WHAT THE TASK REQUIRES: Write out the lines below exactly, beginning at the one with "Растение компактное, кустовое, с" and stopping after the one with "Elevate your style"; the pictures are not copied.

INPUT DATA:
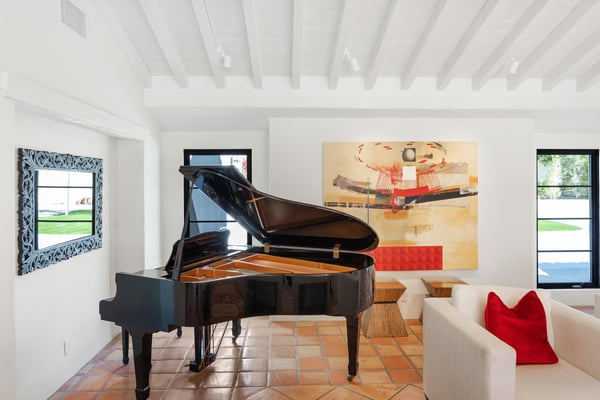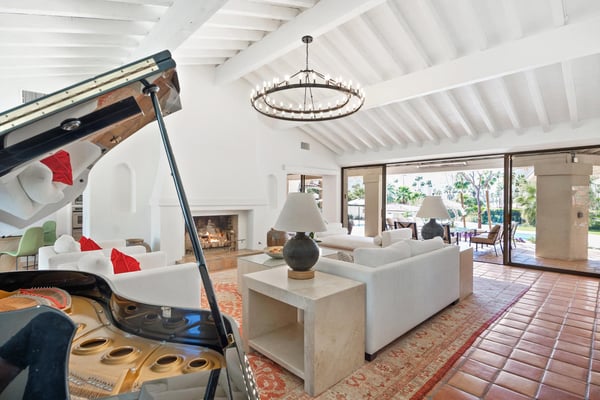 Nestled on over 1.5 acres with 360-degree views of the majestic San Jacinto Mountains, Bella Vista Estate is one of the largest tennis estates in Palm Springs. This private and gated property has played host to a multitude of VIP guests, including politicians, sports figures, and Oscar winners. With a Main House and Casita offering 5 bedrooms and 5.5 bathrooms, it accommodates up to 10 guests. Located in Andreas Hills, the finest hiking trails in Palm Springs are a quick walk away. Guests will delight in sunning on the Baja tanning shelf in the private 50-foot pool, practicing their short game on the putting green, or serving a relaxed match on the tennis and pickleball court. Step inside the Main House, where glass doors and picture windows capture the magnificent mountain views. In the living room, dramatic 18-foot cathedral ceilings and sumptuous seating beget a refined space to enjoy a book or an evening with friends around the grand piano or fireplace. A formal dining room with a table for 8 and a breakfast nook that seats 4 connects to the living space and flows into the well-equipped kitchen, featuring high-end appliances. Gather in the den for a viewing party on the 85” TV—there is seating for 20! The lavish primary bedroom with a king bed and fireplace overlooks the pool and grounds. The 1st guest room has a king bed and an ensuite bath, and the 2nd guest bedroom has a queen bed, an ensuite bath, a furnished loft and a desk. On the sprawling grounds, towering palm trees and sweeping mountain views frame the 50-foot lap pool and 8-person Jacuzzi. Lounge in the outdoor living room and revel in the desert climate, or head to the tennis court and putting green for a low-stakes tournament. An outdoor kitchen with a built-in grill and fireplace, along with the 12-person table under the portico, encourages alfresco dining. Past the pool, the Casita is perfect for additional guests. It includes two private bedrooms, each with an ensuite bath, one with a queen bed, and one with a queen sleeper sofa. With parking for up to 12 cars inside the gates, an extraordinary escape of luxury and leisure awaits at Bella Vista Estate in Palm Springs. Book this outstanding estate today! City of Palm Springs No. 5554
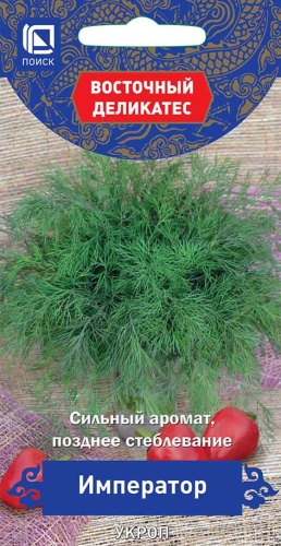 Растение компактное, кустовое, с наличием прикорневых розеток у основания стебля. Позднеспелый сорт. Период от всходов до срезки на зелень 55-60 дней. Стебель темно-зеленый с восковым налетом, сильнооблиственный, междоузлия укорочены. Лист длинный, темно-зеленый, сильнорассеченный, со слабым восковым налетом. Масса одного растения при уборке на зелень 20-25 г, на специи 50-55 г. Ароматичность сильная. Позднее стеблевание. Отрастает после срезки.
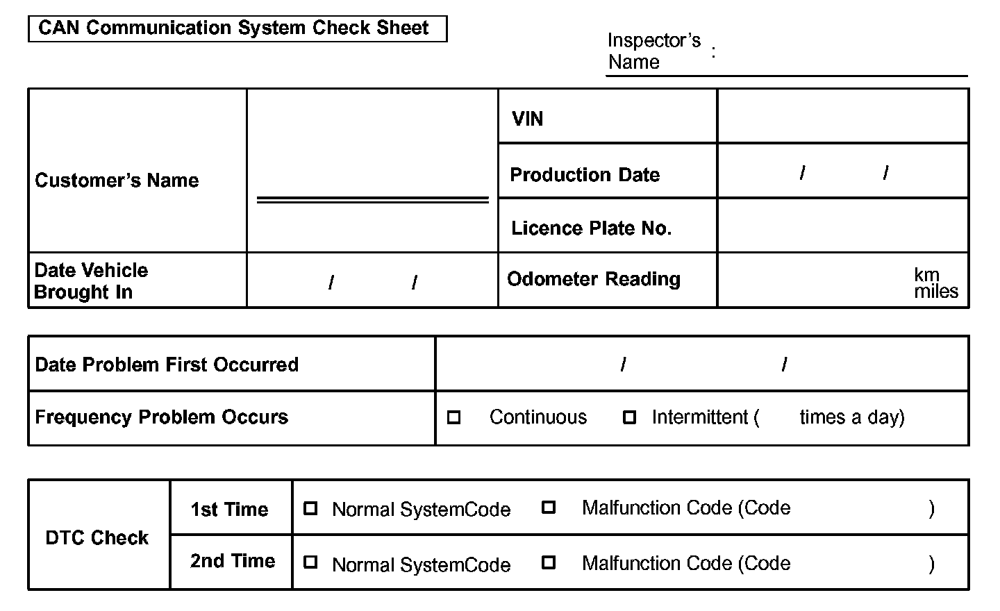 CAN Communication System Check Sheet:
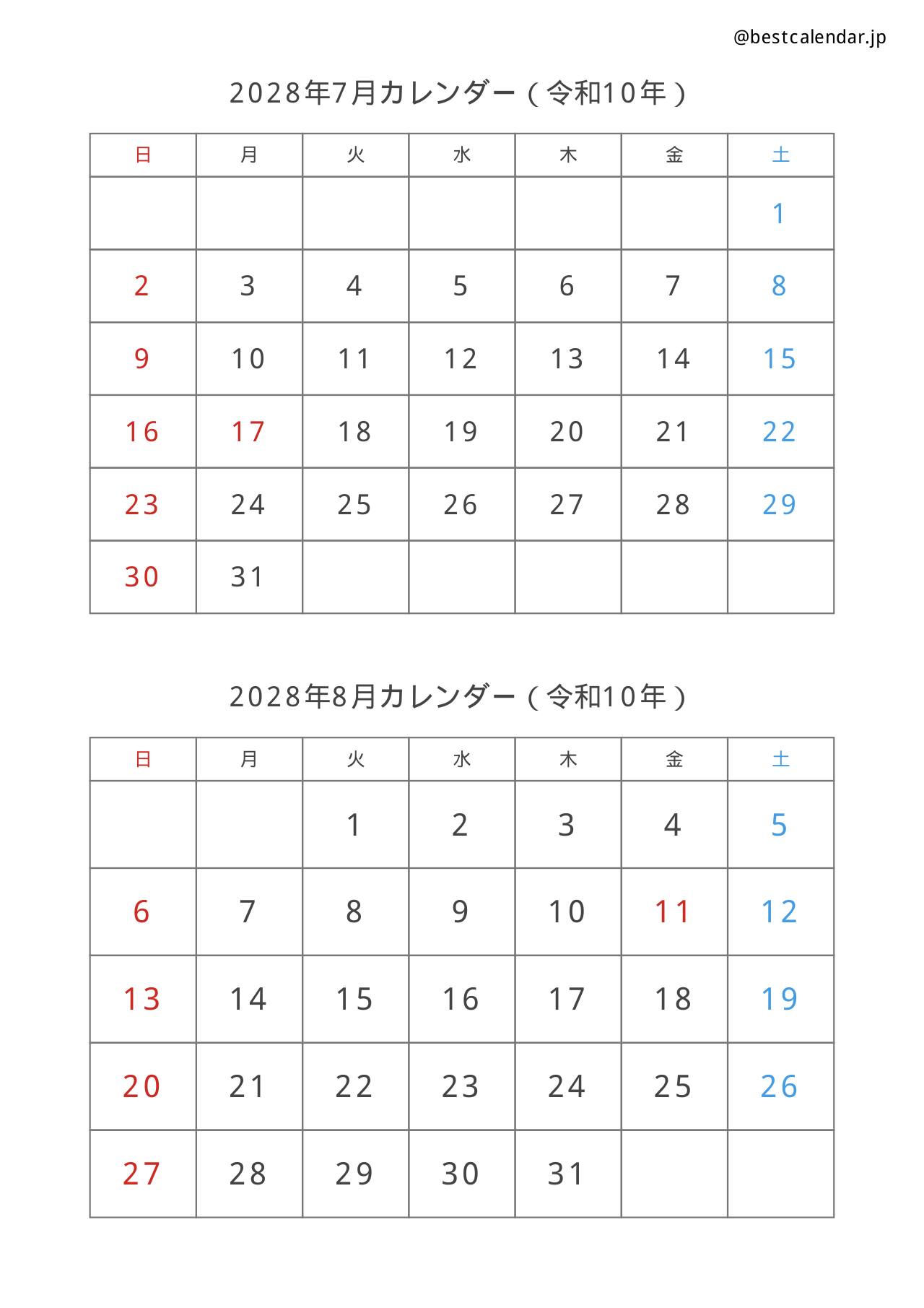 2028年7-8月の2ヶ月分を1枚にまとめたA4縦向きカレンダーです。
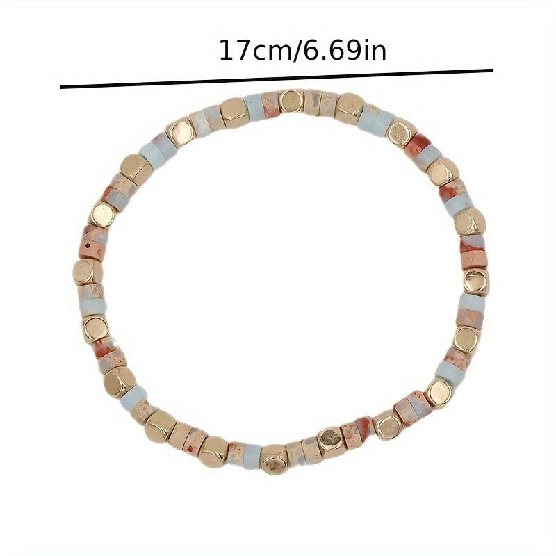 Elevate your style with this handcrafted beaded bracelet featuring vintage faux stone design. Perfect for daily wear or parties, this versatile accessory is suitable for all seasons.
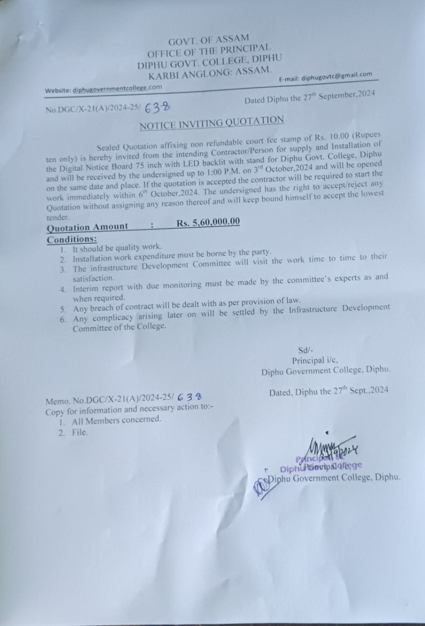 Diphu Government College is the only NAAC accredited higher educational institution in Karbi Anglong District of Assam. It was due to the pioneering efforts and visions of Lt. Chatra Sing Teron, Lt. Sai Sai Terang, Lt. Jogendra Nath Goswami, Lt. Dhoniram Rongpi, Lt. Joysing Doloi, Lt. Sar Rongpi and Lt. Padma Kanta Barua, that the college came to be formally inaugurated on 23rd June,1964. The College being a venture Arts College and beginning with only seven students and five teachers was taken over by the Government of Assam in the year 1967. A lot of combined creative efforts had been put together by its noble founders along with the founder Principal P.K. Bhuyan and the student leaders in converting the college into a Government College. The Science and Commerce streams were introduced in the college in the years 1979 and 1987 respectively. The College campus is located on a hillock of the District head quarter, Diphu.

TASK SOLUTION:
 Растение компактное, кустовое, с наличием прикорневых розеток у основания стебля. Позднеспелый сорт. Период от всходов до срезки на зелень 55-60 дней. Стебель темно-зеленый с восковым налетом, сильнооблиственный, междоузлия укорочены. Лист длинный, темно-зеленый, сильнорассеченный, со слабым восковым налетом. Масса одного растения при уборке на зелень 20-25 г, на специи 50-55 г. Ароматичность сильная. Позднее стеблевание. Отрастает после срезки.
 CAN Communication System Check Sheet:
 2028年7-8月の2ヶ月分を1枚にまとめたA4縦向きカレンダーです。
 Elevate your style with this handcrafted beaded bracelet featuring vintage faux stone design. Perfect for daily wear or parties, this versatile accessory is suitable for all seasons.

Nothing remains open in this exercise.